Ombudsman clears ABC over Bridget Brennan’s Australia Day remarks
The ombudsman has cleared the ABC of breaching impartiality rules in a broadcast where reporter Bridget Brennan declared the nation ‘always was, always will be Aboriginal land’.
The ABC ombudsman has cleared the public broadcaster and its Indigenous Affairs editor Bridget Brennan of breaching impartiality standards in an Australia Day news report where she declared the country “always was and always will be Aboriginal land”.
ABC ombudsman Fiona Cameron found that the comments made by Brennan in a live cross with ABC News Breakfast host Michael Rowland on January 26 were in response to his “reflection that Australia Day has vastly different meanings to different people”.

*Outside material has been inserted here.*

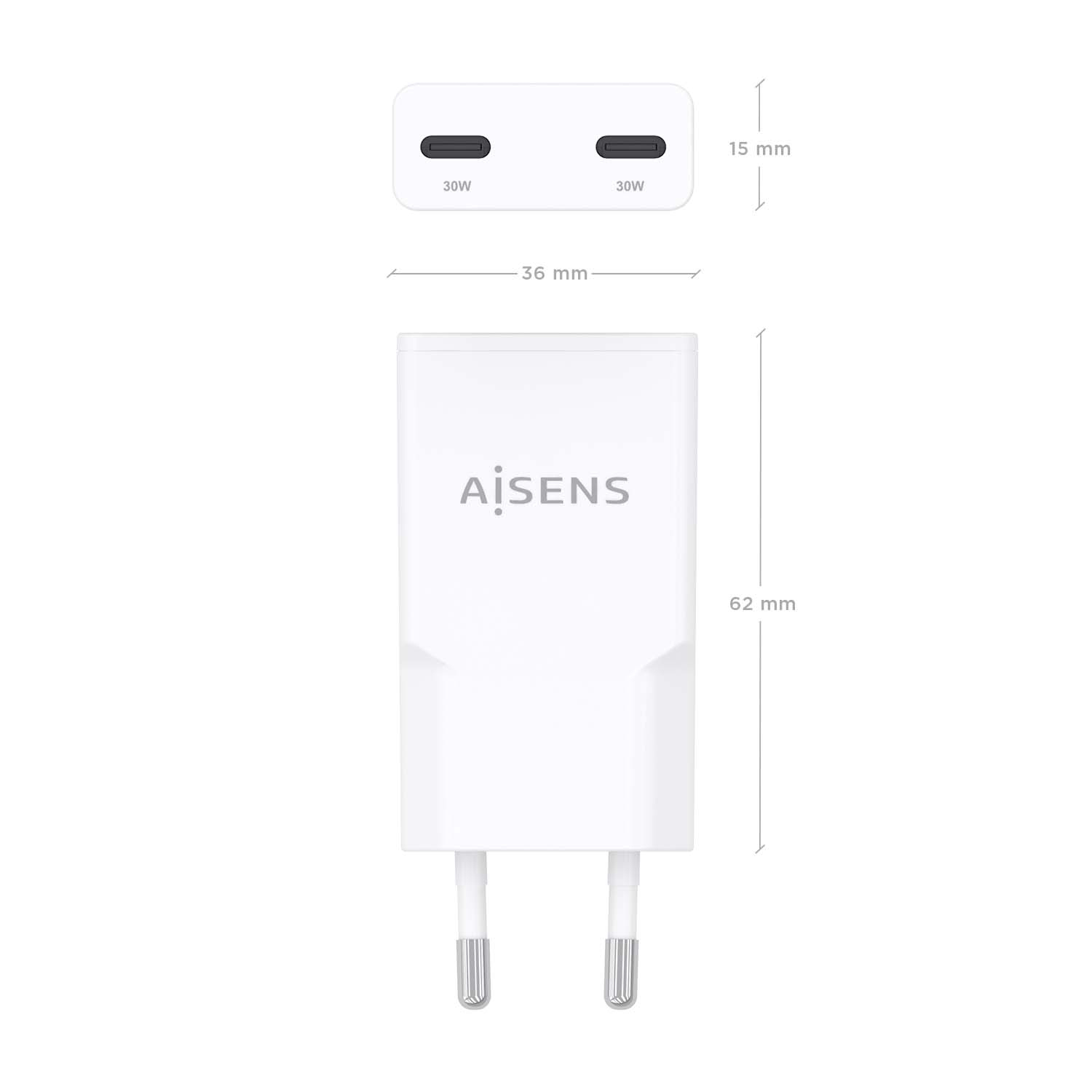 AISENS ASCH-30W2P048-W cargador de dispositivo móvil Cámara digital, MP3, MP4, Teléfono móvil, Navegante, Portátil, Consola de juegos portátil, Smartphone, Tableta, Universal Blanco Corriente alterna Carga rápida Interior

“We accept that as a leading Indigenous Australian journalist commenting on
these differing meanings, Ms Brennan would reflect on an Indigenous perspective,” the ombudsman said.
“She identified this perspective referring to the significance of the day to ‘her people’
including remembering that ‘it always was, always will be Aboriginal land’.”
The ABC received 25 complaints regarding the live cross that aired on the morning of Australia Day from the at the WugulOra Ceremony at Barangaroo in Sydney.
In the report the ombudsman said: “We believe that the sentiment is an acknowledgment of the past and recognition of the continued existence and connection to the land of the Aboriginal people.
“It is a call for ongoing respect and recognition and in the context used, did not carry an
exclusive, divisive or literal meaning, ascribed to it by some complainants.”
However the ABC ombudsman also conceded that Brennan could have been clearer with her remarks.
“The ombudsman believes that Ms Brennan’s concluding remarks could have been
more explicitly referenced as the widespread and deeply felt perspective of her
community, to avoid any suggestion that it was a statement of her personal opinion,” she said.
“On balance, and in the context of live television, we accept the ABC submission that
this was not a statement of Ms Brennan’s personal opinion but rather the view of the
community which she is a part and that the comments were editorially justified in the
circumstances outlined..”
The findings determined that the ABC did not breach its standards for due impartiality and diversity of perspectives.